Interest rate risk management and sensitivity
The Group's policy is to ensure that it maximises the interest
income on surplus cash. This involves placing cash in a mix of
fixed rate and floating rate short-term deposits. There is no
prescribed ratio of fixed to floating rate. Due to the current
level of cash and the current rates of interest the Group is not
exposed to any significant interest rate risk.
Credit risk management
Credit risk refers to the risk that a counterparty will default
on its contractual obligations resulting in financial loss to the
Group. The Group has adopted a policy of only dealing with
creditworthy counterparties, as a means of mitigating the risk of
financial loss from defaults. The Group only transacts with
entities after assessing credit quality using independent rating
agencies and if not available, the Group uses other publicly
available financial information and its own trading records to rate
its major customers. The Group's exposure is continuously monitored
and the aggregate value of transactions concluded is spread amongst
approved counterparties. Credit exposure is controlled by
counterparty limits.
On going credit evaluation is performed on the financial
condition of accounts receivable. The credit risk on liquid funds
is limited because the counterparties are banks with high
credit-rating assigned by international credit-rating agencies. The
carrying amount of financial assets recorded in the financial
statements, which is net impairment losses, represents the Group's
maximum exposure to credit risk.
Liquidity risk management
The Group's policy throughout the year has been to ensure
continuity of funds. The Group manages liquidity risk by
maintaining adequate reserves and banking facilities by
continuously monitoring forecast and actual cash flows and matching
the maturity profiles of financial assets and liabilities.

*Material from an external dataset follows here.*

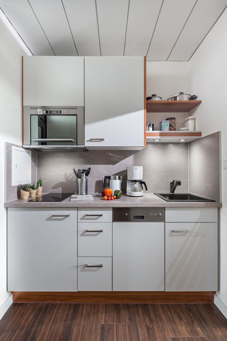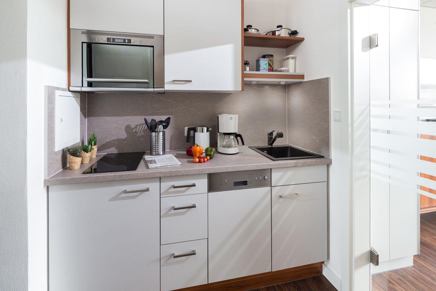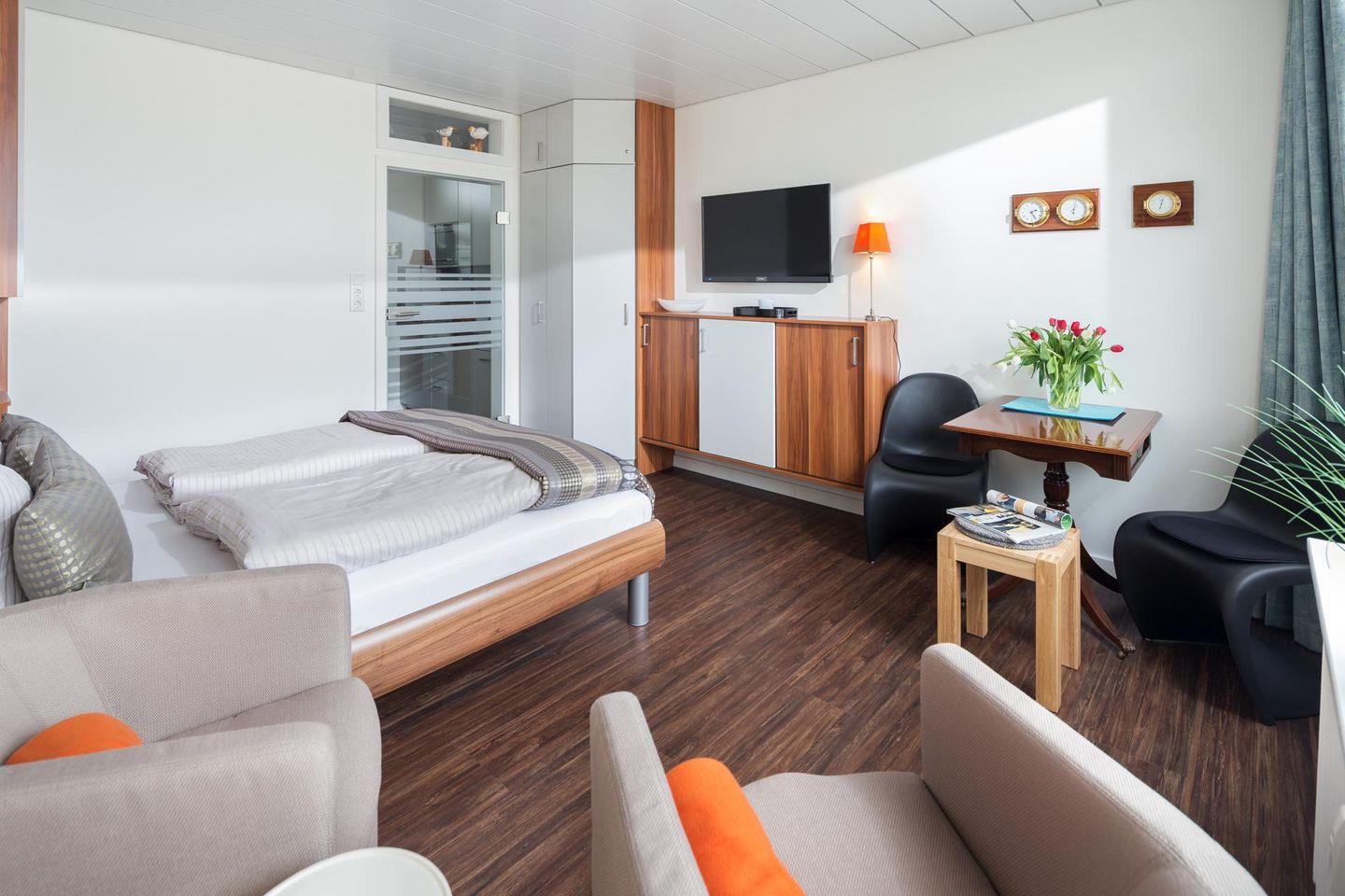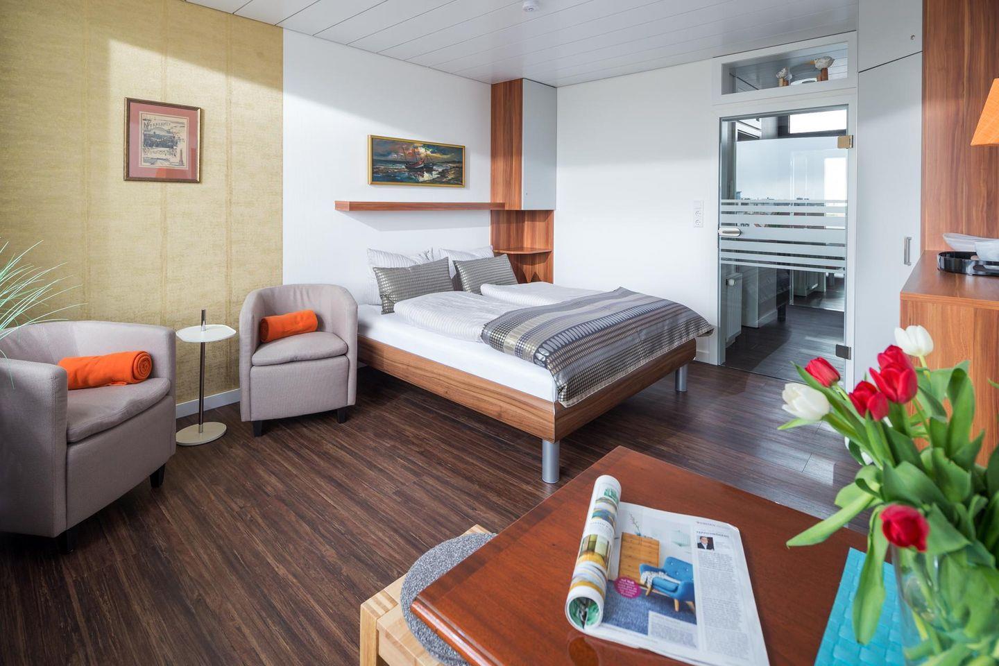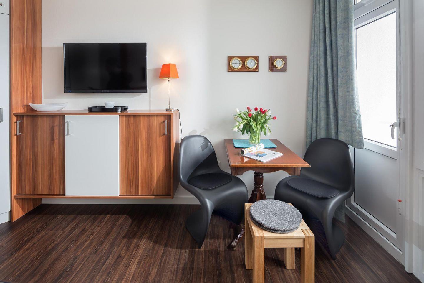 Das 1-Raum-Apartment ist mit einem Doppelbett (160 cm breit) ausgestattet und bietet Platz für bis zu 2 Personen. Weiter verfügt die Wohnung über ein modernes Bad mit Dusche und WC sowie eine gut ausgestattete Küchenzeile. Der Balkon der Wohnung liegt zur Südseite. Im Haus stehen eine Waschmaschine und ein Wäschetrockner zur gemeinsamen Nutzung (ggfs. gegen Gebühr) zur Verfügung. Die Wohnung hat kein WLAN. Hunde sind in dieser Ferienwohnung nicht erlaubt.

Liquidity and interest risk tables
All trade and other payables are non-interest bearing and fall
due within one month. GBP1m of the bank loan is repayable in full
by 28 September 2023, the remaining GBP1m is repayable in full by
18 October 2024 (see note 19). Interest, payable per calendar
quarters, is calculated at 6% above Investec bank rate on the drawn
portion of the facilty and 2% on the undrawn portion.
The following table sets out the contractual maturities
(representing the undiscounted contractual cash-flows) of financial
liabilities:
2021 2020
Within 12 months GBP'000 GBP'000
Trade payables 1,752 2,499
Other payables 107 45
Lease liability - 670
-------- --------
1,859 3,214
======== ========
2021 2020
More than 12 months GBP'000 GBP'000
Other payables - -
Lease liability - 660
-------- --------
- 660
======== ========
Fair value of financial instruments
The fair value of other non-derivative financial assets and
financial liabilities are determined in accordance with generally
accepted pricing models based on discounted cash flow analysis
using prices from observable current market transactions.
Cash at bank and short-term bank deposits
Cash is held within the following institutions:
2021 2020 2019
GBP'000 GBP'000 GBP'000
Barclays Bank 363 2,839 132
HSBC Bank - - 4
Bank of West - - 2
CIC Bank - - 11
-------- -------- --------
363 2,839 149
======== ======== ========
30. Contingent liabiities
The Group does not have any contingent liabilities.